Frontier — discrete to continuous control

When actions are torque vectors, argmax breaks. The deterministic policy gradient → DDPG → TD3's twin critics (fixing overestimation) → SAC's maximum-entropy RL and the reparameterization trick.

Frontier — offline (batch) RL

Learning from a fixed dataset with no new interaction. The core failure — distributional shift: bootstrapping queries Q at out-of-distribution actions and the error compounds. Three families of fixes.

Offline RL — BCQ

Constrain the policy to the data. A generative model of the behavior policy proposes only in-support actions; the policy maximizes Q over those. The policy-constraint pole of offline RL.

Offline RL — CQL

Constrain the value instead. Push Q down on out-of-distribution actions so the policy is never fooled into them — a conservative lower bound. BCQ vs CQL: the two poles of offline RL.

Part III · Applications (19–31 · each domain mapped back to the method it reuses)

The same handful of ideas, applied. Every lesson opens by naming which core lesson it reuses and closes by placing the domain back on the map.

Recommendation systems (上) — personalized recommendation

Recommendation as a contextual bandit (reuses lesson 05): user context is the state, the item is the action, the click is the reward. Cold-start exploration and the feedback-loop trap.

Recommendation & advertising (下)

From one item to a slate and a session (full MDP): long-term value vs greedy CTR, ad bidding as a constrained MDP, and off-policy evaluation because you can't A/B everything (reuses lessons 07, 09).

Robot control (上) — manipulators

Robot control as a continuous-action MDP (reuses lesson 15). Reward shaping, and the first look at the simulation gap.

Robot control (中) — sim-to-real & sample efficiency

Domain randomization, model-based RL for sample efficiency, and safe exploration (reuses lessons 04, 15, 16).
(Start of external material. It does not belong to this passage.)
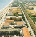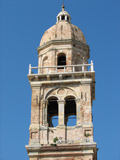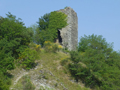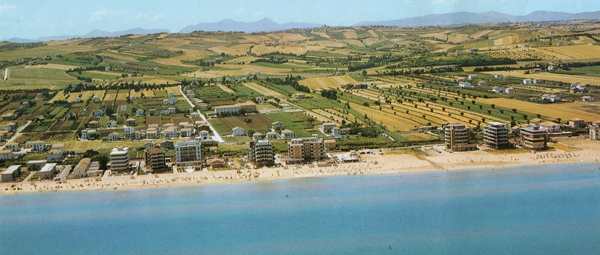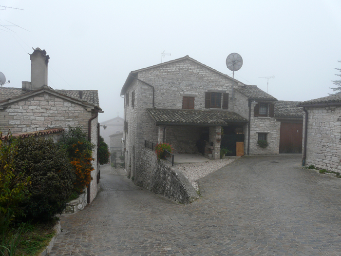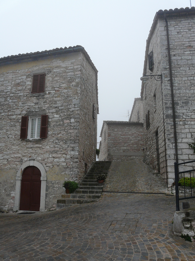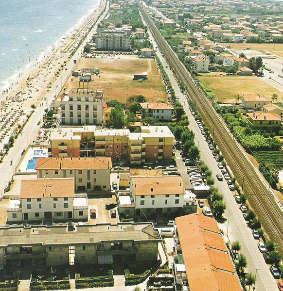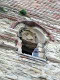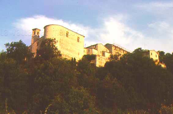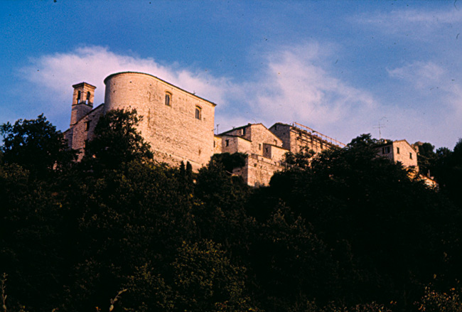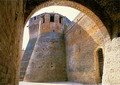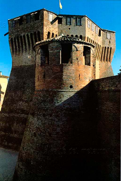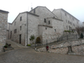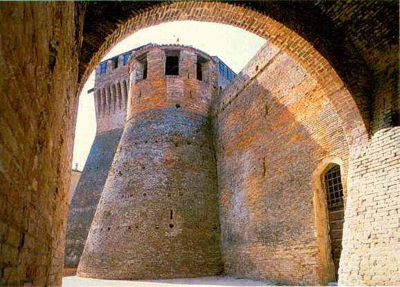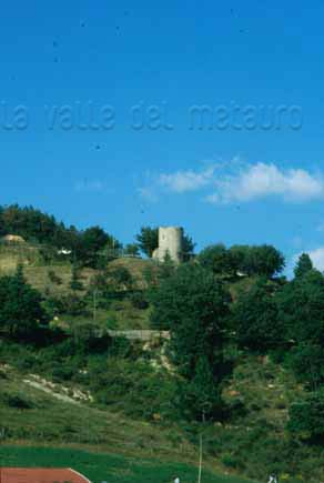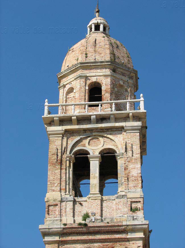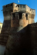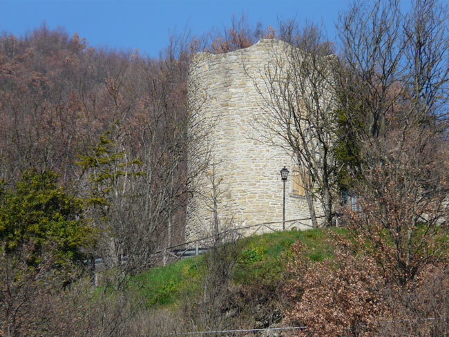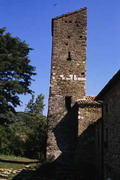 Torre di S. Elena, con sulla destra il loggiato della Chiesa e Ospedale di S. Croce, prima del 1944 (da AMADUZZI e LAMEDICA 1984)
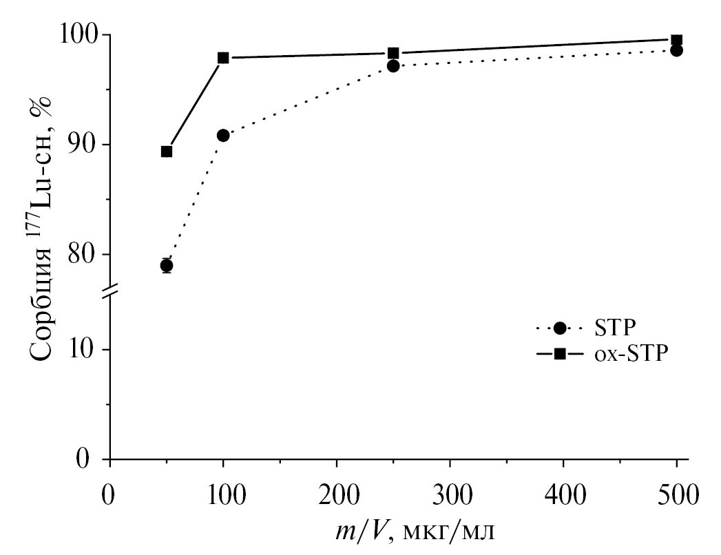 Таким образом, показано, что окисление STP существенно влияет на сорбцию ими 177Lu, так как во всех изученных средах ок-STP сорбируют быстрее и степень сорбции при одних и тех же условиях на ок-STP выше, чем на STP.

Robot control (下) — autonomous driving

Why pure online RL is unsafe on the road → imitation + offline RL + inverse RL for the reward; multi-agent interaction (reuses lessons 14, 16–18).

Financial trading (上) — stock trading

Trading as a POMDP: price is the (partial) state, buy/hold/sell the action, PnL minus cost the reward. Non-stationarity, transaction costs, and backtest overfitting (reuses lessons 01, 05).

Financial trading (下) — portfolio optimization

Portfolio weights as a continuous action; risk-adjusted reward; why offline and conservative methods matter when the money is real (reuses lessons 15, 16–18).

Resource scheduling — cloud computing to logistics

Job scheduling, bin-packing, and vehicle routing as sequential decisions over huge discrete action spaces; policy gradient for combinatorial optimization (reuses lesson 07).

NLP (上) — machine translation

Text generation as a token-action MDP. Why cross-entropy ≠ the eval metric → REINFORCE on a sequence-level reward like BLEU; exposure bias (reuses lesson 07).

NLP (下) — dialogue systems

Dialogue as multi-turn RL; RLHF for assistants. This is where this course meets the systems course — the bridge to RL post-training (reuses lessons 11–13).

Computer vision — detection to image generation

RL for non-differentiable decisions: hard attention and detection; aligning image generators with a reward (DDPO); the GAN↔RL connection from lesson 14.

Platforms & tools — from OpenAI Gym to Ray

The Gym reset/step API that turns lesson 01's loop into code; vectorized envs; RLlib/Ray as the A3C idea productionized; Stable-Baselines3, CleanRL.

Frontiers & outlook — from AGI to human-AI collaboration

RL in reasoning models and agents; the open problems (sample efficiency, reward specification, safety, generalization, multi-agent); world models; human-AI collaboration.

Finale

Closing & self-test

A one-paragraph recap of the whole arc, what to read next, and an interactive ten-question self-test scored in your browser.

How to use this

Linearly. Each lesson assumes the previous one. The widgets are calibrated so the surprise of lesson n is visible only after lesson n−1.
Touch every knob. Every widget has at least one setting that breaks learning. Find it — the bug is the lesson.
Place every paper on the map. When you finish, you should be able to take any RL paper and say which of value / policy / model it moves, and which earlier limitation it fixes.